From where I type my replies, I sit less than 10 miles outside of US jurisdiction...no worries there. Kinda happy our two doofus leaders are so wrapped up in themselves that they're going round in circles too self satisfied to pay much attention to things that are much more important than themselves, letting us cut wide paths around them. (It's their overlords we should be concerned with, but I digress)
Technically, every home or office with an internet connection is a datacenter with its own server(router), User terminals...you're the perfect example with a crypto validator attached to your SOHO router with outside connection. You're here to sysadmin and network engineer, right? ;-p
 
The problem is "officially solved" at this point with VPN inside the guest virtual machine.

Without the tunnel, we were getting blocked by the number of outbound connections. Based on the number of connections out of "30,000" listed in the network status, I don't think this was the merlin router but I can't be sure.

Note that initially the VPN on the router and then inside the guest linux vm were not fast enough to keep up with this intensive application. However switching the expressvpn protocol inside the virtual machine to udp/lightway drastically improved performance to the point where it could keep up.

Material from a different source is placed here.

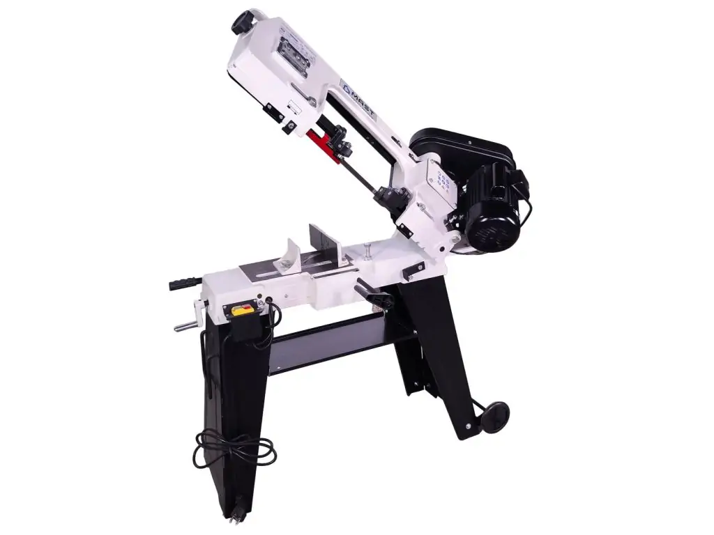 Стрічкова пила MAST Metalltechnik M-BS115-1 призначена для різання металевих труб з максимальним діаметром 110 мм і профілів розміром до 150х110 мм. Також може встановлюватися вертикально для різання листів. Оснащена двигуном потужністю 370 Вт, що працює від напруги 230 В. Обертовий рух здійснюється за допомогою ремінної передачі.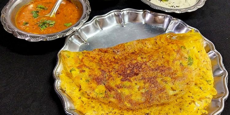 Dosa is a very popular South Indian dish which is served as a breakfast. It can also be served as evening tiffin. And people serve it as dinner also. And the varieties of Dosa preparations cannot be counted easily – innumerous. I have already posted around 11 such Dosa recipe so far. Generally Dosa preparation starts with soaking rice and Urad Dal for 8 to 12 hours. But, there are instant preparations also. We will see one such preparation for Dosa with Wheat Flour and Poha. It will definitely be a tasty Dosa. Try it.

The VPN is not being used for privacy here- it's merely a networking solution for the connection issue.
===
In terms of privacy, remember that your VPN provider's job is to encrypt AND decrypt and they could easily provide user specific decrypted egress as required by a subpoena. This is just as true for VPN as it is for zero trust endpoint or anything else.

Also know that pretty much every piece of software, open source or not, is full of security problems that are undiscovered today. Vigilance is critical if you want to keep stuff running on computers.